Diğer yandan, masal, masal olmayı bırakıp gerçek hayata dönüşmeye başladığı zaman, her şey yıkılır ve bir kurt gelip hayallerimizin gerçekleşmesini imkansız hale getirir.
İyi insan mı kötü insan mı? Siz hangi masal karakterisiniz?

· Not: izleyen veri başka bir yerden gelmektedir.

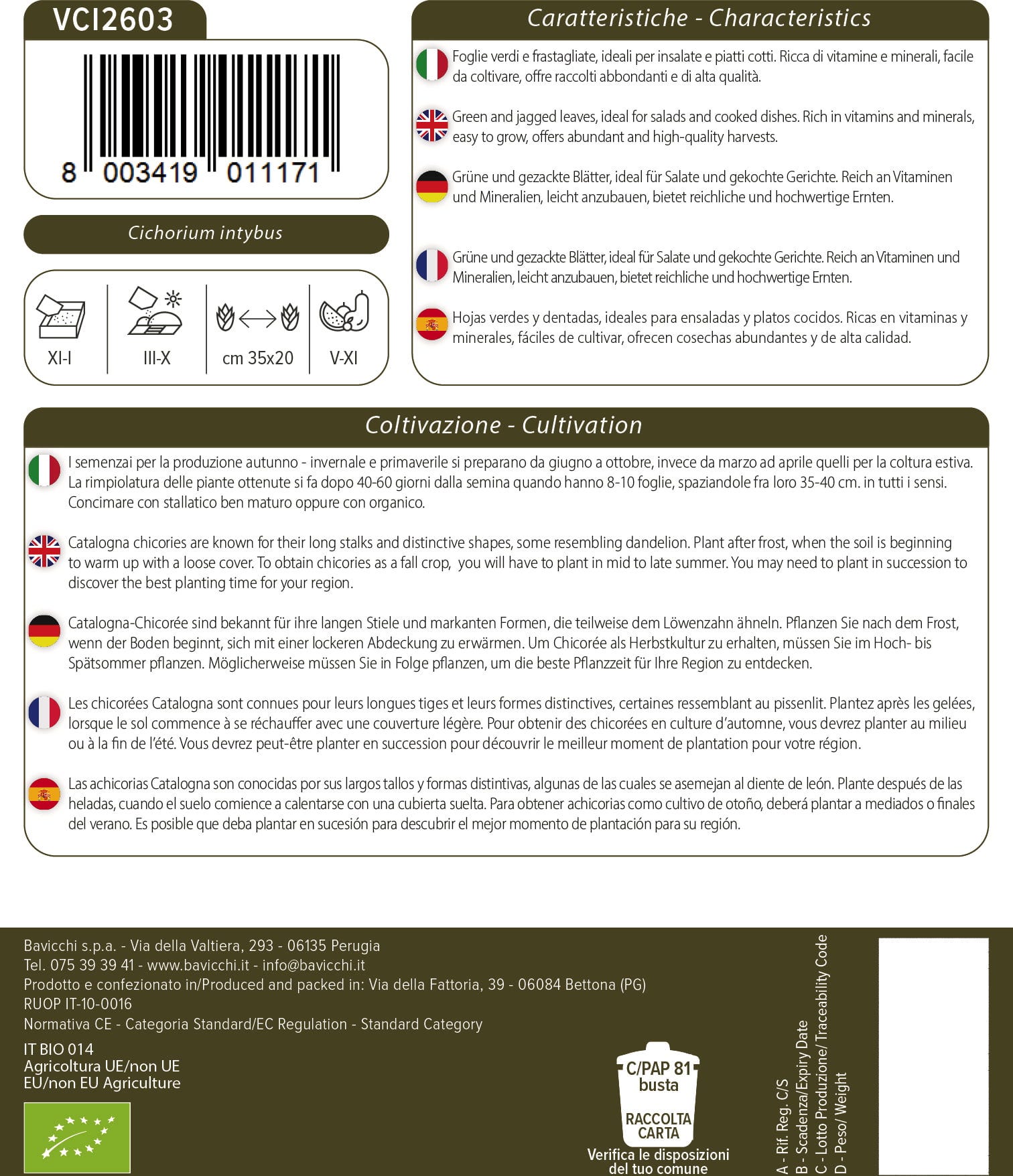 Bavicchi Organic Italian Catalogne Chicory, 6 grams

Bir başkasının masalındaki kötü kurt olmayı kimse istemez. Neden bu kötü kurt ilan edildiğimiz hakkında geçerli ya da geçersiz sebepler olabilir. Hangisi olursa olsun, bu herkes için hoş olmayan bir durumdur. Yine de inkar edemeyeceğimiz basit bir bakış açısı var. Bazen de başkasının masalında kötü karakter olmak, kendi masalımızın iyisi olmamızı sağlayabilir. Belki de artık yorucu ve mutsuz bir ilişkiden kurtulabilen “kahraman” ya da artık bir geleceği olmayan bir masalda “son” yazmaya cesaret eden karakter olabiliriz.
Eğer sadece kırmızı başlıklı kızı dinlersek, kötü olan hep kurt kalacaktır.

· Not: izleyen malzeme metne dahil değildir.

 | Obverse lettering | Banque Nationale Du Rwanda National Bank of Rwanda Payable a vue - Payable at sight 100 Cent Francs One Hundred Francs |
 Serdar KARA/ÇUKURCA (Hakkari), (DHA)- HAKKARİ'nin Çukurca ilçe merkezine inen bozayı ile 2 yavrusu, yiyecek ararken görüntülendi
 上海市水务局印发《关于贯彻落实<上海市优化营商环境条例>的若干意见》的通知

İmkansız masallarda yaşayan evcil kurtlar olmaya başlamadan önce cesaretimizi toplayıp kendi içgüdülerimizi dinleyip sezgi, zeka ve saygıyla hareket etmeliyiz. Kendi istek, sezgi ve değerlerimize göre hareket etmek bizi kötü insan yapmaz. Bu yalnızca kendi içgüdüleriyle yaşamak, hayat denen ormanı tanımak ve kötülerin daima kötü, iyilerin ise daima iyi olmadığı bilmektir. Önemli olan kırmızı başlık ya da kurt postu olmadan; birlikte, cömertçe ve dürüstçe yaşamayı öğrenmektir.
Bu metin yalnızca bilgilendirme amaçlı sunulmuştur ve bir profesyonelle görüşmeyi yerine geçmez. Şüpheleriniz varsa, uzmanınıza danışın.